WHAT YOU SHOULD DO:
Your output should be the complete listing, word for word, with no pictures in it.

RAW DATA:
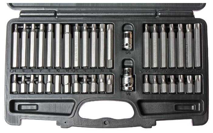 - + Удобный кейс, приятный, удобно располагается в руке, очень удобен при переносе, очень удобен на столе, биты сидят чётко, наличие бит как коротких так и удлинённых, гравировка с размером на каждой бите, в комплекте головки 1/2 и 3/8.
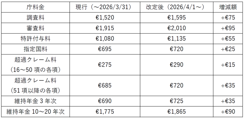2026年1月30日、欧州特許庁(EPO)は庁料金の改定を公表しました。本改定は、2026年4月1日以降の庁手続に適用されます。
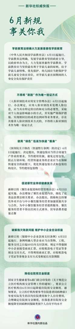 事关学前教育、“刷脸”识别、快递包装……6月起,一批新规将施行,涉及你我生活的方方面面。以下是详细解读,看你最关注哪条新规?
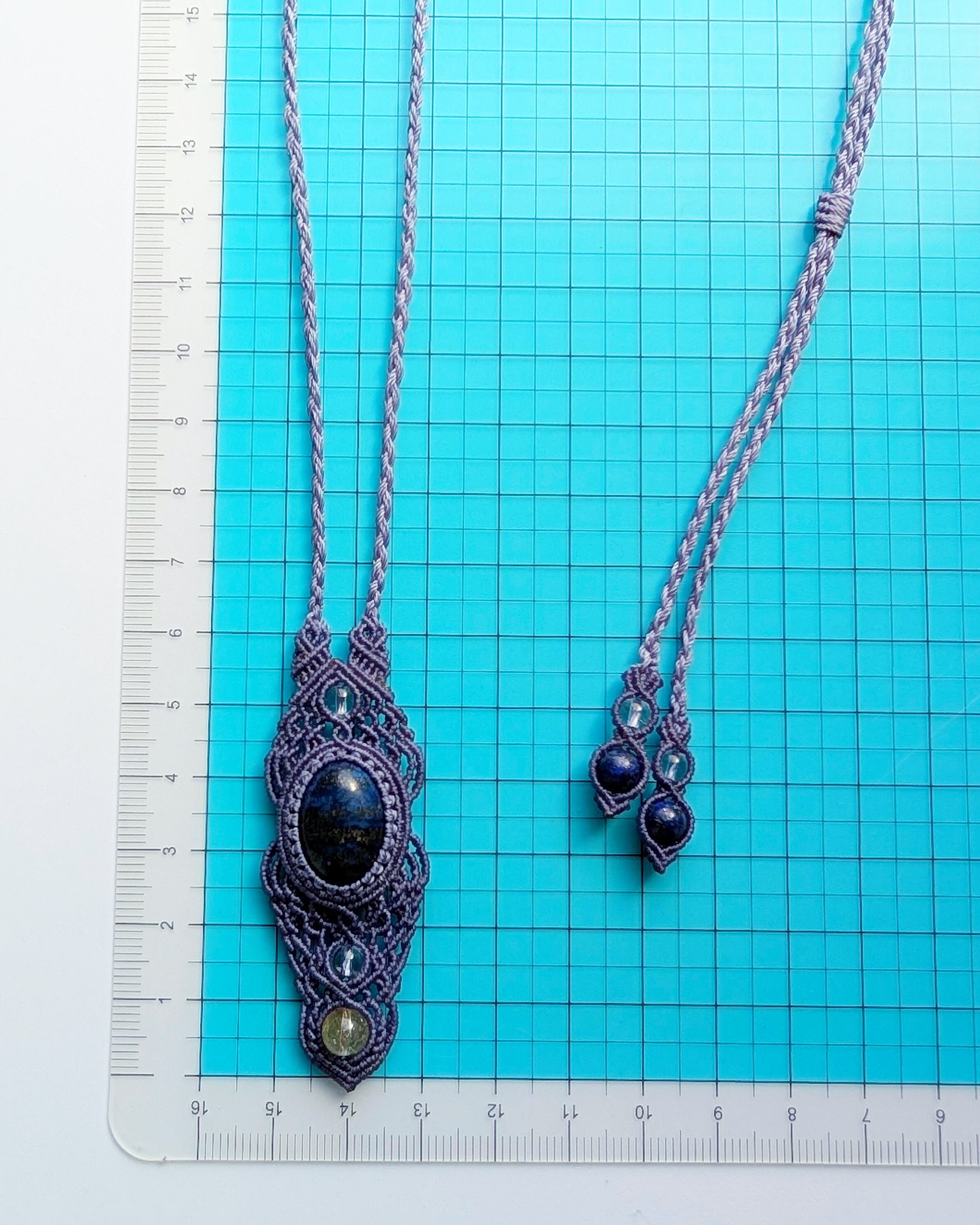 ラピスラズリとルチルクォーツのマクラメペンダント [金属アレルギー対応]

RESULT:
 - + Удобный кейс, приятный, удобно располагается в руке, очень удобен при переносе, очень удобен на столе, биты сидят чётко, наличие бит как коротких так и удлинённых, гравировка с размером на каждой бите, в комплекте головки 1/2 и 3/8.
2026年1月30日、欧州特許庁(EPO)は庁料金の改定を公表しました。本改定は、2026年4月1日以降の庁手続に適用されます。
 事关学前教育、“刷脸”识别、快递包装……6月起,一批新规将施行,涉及你我生活的方方面面。以下是详细解读,看你最关注哪条新规?
 ラピスラズリとルチルクォーツのマクラメペンダント [金属アレルギー対応]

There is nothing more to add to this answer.